Я фыркнула, закатив глаза, но не сдалась.
– А если Пикинджилл со мной в сговоре и намеренно забил мне голову ложной информацией?
– Тогда, следуя твоей логике, он знал о готовящейся краже. И материалы в сейфе тоже были бы заведомо ложными. Так что даже если бы ты предоставила исходники, это не спасло бы бедственное положение оппозиции, – на тонких губах инквизитора заиграла кривая улыбка, но глаза остались серьезными.
Логично. С этим разобрались. В чем еще меня могут подозревать?
– Ты не думаешь, что я сливаю тайной полиции разработки Лиги? К чертежам робота меня еще не подпустили, но у меня есть доступ к формулам в твоем мозгу.
Ли Мэй распахнул передо мной дверь в мою комнату, пропуская вперед.
– Доступ, которым ты ни разу не воспользовалась.
Мне будто с размаху ударили под дых. Сердце защемило. Перед внутренним взором предстал мой первый настоящий поцелуй. Точнее, ненастоящий.

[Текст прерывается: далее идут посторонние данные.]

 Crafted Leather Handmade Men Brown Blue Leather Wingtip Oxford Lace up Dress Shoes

– Так это была провокация? – голос не дрогнул, в отличие от руки, выскользнувшей из хватки Ли Мэя.
Он растерянно посмотрел на свою опустевшую ладонь, несинхронно моргнул и перевел недоуменный взгляд на меня. Опустил взгляд на губы и… отвернулся.
– Нет.
Просто «нет»? А как же доказательства его искренности в тот момент? Или хотя бы ярость за оскорбление, что я ему нанесла своим недоверием в лучших чувствах? Очарован он мною, как же! Да ему просто тошно прикасаться ко мне, а он боится в этом признаться просто потому, что не хочет меня обижать!
– Ну разумеется, – на манер Теша злобно оскалилась я, скидывая со спины рюкзак. – Для провокации требовался бы контакт подольше. А ты на такое насилие пойти не можешь.
– А должен?
Я почти физически ощутила, как хрустят отламывающиеся крылья. Больно.

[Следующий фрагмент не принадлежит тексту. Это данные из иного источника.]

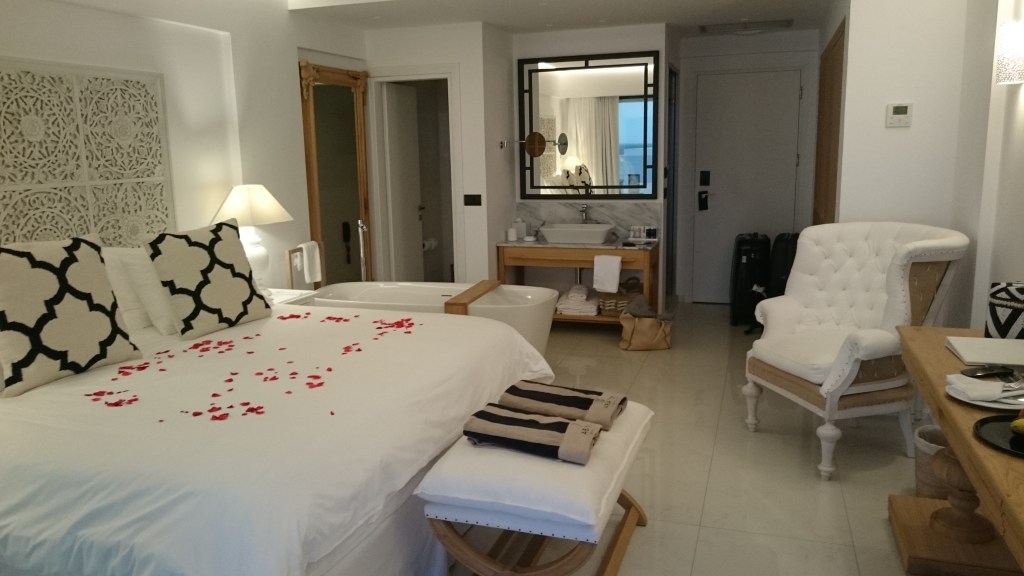 Vor genau 2 Jahren und nur 3 Tage nach unserer Hochzeit haben wir uns für unsere, wie wir es nennen kleine Hochzeitsreise, auf den Weg nach Kreta gemacht. Klein deshalb, da wir nach unserer Hochzeit nur wenige freie Tage hatten, aber dennoch flittern wollten. Die richtige große Hochzeitsreise sollte dann im November auf die Malediven gehen. Auf Kreta hatten wir uns für einen Aufenthalt im wunderschönen Abaton Island Resort & Spa im Norden der Insel entschieden. Die Wahl für dieses Hotel war schnell gefallen, da es damals gerade neu eröffnet war, Luxus vereint mit moderner Architektur bot und zudem nicht allzu weit vom Flughafen Heraklion entfernt war. Wir waren diesmal nicht auf große Erkundungstouren vor Ort aus, sodass die Annehmlichkeiten und der Comfort dieses Hotels für uns im Vordergrund standen. Einmal am Flughafen in Heraklion angekommen, ist man sowohl mit dem Taxi oder dem Mietwagen in nur 20 Minuten am Hotel. Eine sehr gut ausgebaute Schnellstraße führt quasi bis fast vor die Hoteltür. Für späte Ankünfte oder frühe Abflüge ist diese Entfernung irgendwie ideal, kann man doch wirklich jede Minute des Urlaubs richtig auskosten. Schon bei der Ankunft im Hotel wurden wir so herzlich willkommen geheißen, dass man sich direkt wohlfühlen musste.

Инквизитор с несвойственной ему резкостью отшвырнул фуражку и расстегнул верхние пуговицы серого мундира, словно тот стал его душить. Но, когда вновь обернулся ко мне, взгляд у него опять стал стеклянным.
– Неужели я похож на того, кто в угоду своим желаниям станет тебя насиловать своей грязной душой?
Что? У меня в мозгу что-то глобально закоротило, и я поняла, что потеряла нить разговора.
– А при чем тут я? Это же тебе тошно прикасаться ко мне.
– Мне?!
Мы уставились друг на друга, как два барана. А потом до меня дошло.
– Ты хочешь сказать, что все это время избегал касаний, потому что оберегал меня от грязи, которую я могла в тебе увидеть?
– А ты решила, что я опасаюсь разоблачения, и поэтому меня тошнит от близости эмпата?
А что еще я могла подумать? Меня в жизни никто не оберегал от самого себя, как это пытался сделать он! Я почувствовала, что заливаюсь краской до корней волос, как какая-нибудь малахольная леди. А Ли Мэй проявил чудеса милосердия, решив не развивать эту тему.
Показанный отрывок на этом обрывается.